When is a ring more than just bling?

I promised NeimanMarxist some time ago that I'd write about engagement rings, but I've had trouble thinking up a way to frame the discussion. An article in the New York Times this week took care of that issue for me.

You can read the full article for yourself, but when I read through it, I put the paper down with a general feeling of disgust. As a short synopsis, a man and his parents were squabbling about which of two family engagement rings the man should use to propose to his girlfriend, with the parents feeling that he should take the smaller one instead of the "showy" 2.5 carat number that once belonged to the man's grandmother. The man insisted that his grandfather promised him the 2.5 carat job, and his girlfriend weighed in with a weepy fit in which she declared that she wanted the big diamond, not the small one, on the grounds that it would feel strange to know that there were two diamonds and that the family preferred that she have the small one.

When the man finally got around to proposing, his girlfriend's first reaction was not to say Yes or I love you. According to the article, she responded with This is the big ... ?

Wow. So many things about that story bother me. First, it was clear that the man's father felt that if anyone should have the monster ring, it was the daughter of the original owner, the man's mother. I think the father was right. The author stated that his grandfather had told him as a young man that the large ring was the one that he wanted the author to have in his hand when he proposes to his future wife. Nevertheless, the less selfish course of action would have been for the author to leave the ring with his mother, with the understanding that it would pass to his future wife in his mother's will.

Second, the girlfriend/future wife was fixated on getting the large ring instead of the smaller one because she felt the ring the man's parents preferred her to have reflected a less than outstanding opinion of her. If she insisted on having the bigger stone anyway when it was clear that the man's parents didn't want to let it go, then they were probably justified in their opinion. Did she somehow think that yanking away a much more valuable family engagement ring than they were ready to relinquish would make her fiance's parents suddenly approve of her? If anything, they probably think less of her now than they did before.
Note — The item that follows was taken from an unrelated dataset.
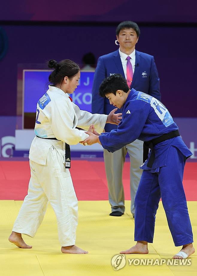 (항저우=연합뉴스) 신현우 기자 = 25일 중국 항저우 샤오산 린푸 체육관에서 열린 항저우 아시안게임 유도 여자 63kg급 동메달 결정전에서 한국 김지정이 키르기스스탄 아디나 코치콘바예바를 상대로 승리한 뒤 인사하고 있다. 2023.9.25

All in all, I think the man should have just plonked down the money to buy his girlfriend her own damn ring. If having a big diamond was the issue, as it appeared to have been, it seems that he and his girlfriend could have paid for it themselves and avoided all the attendant drama.

Of course, paying for a big diamond on their own would mean that the happy couple would have had to adjust either their finances or their expectations accordingly. That's not nearly as much fun as getting a free five-figure bauble, though, is it?

And yet. . . wouldn't it have made a much stronger statement about their committment if they had paid for it themselves?

All of that was a long-winded way of saying that while the tradition of diamond engagement rings dates back for centuries (perhaps as far as the Middle Ages for the wealthy), the symbolic value of eternal union seems to have taken a back seat to the bling factor. The DeBeers Corporation has done everything possible to encourage that trend, establishing two months' salary as the appropriate benchmark for what an engagement ring should cost.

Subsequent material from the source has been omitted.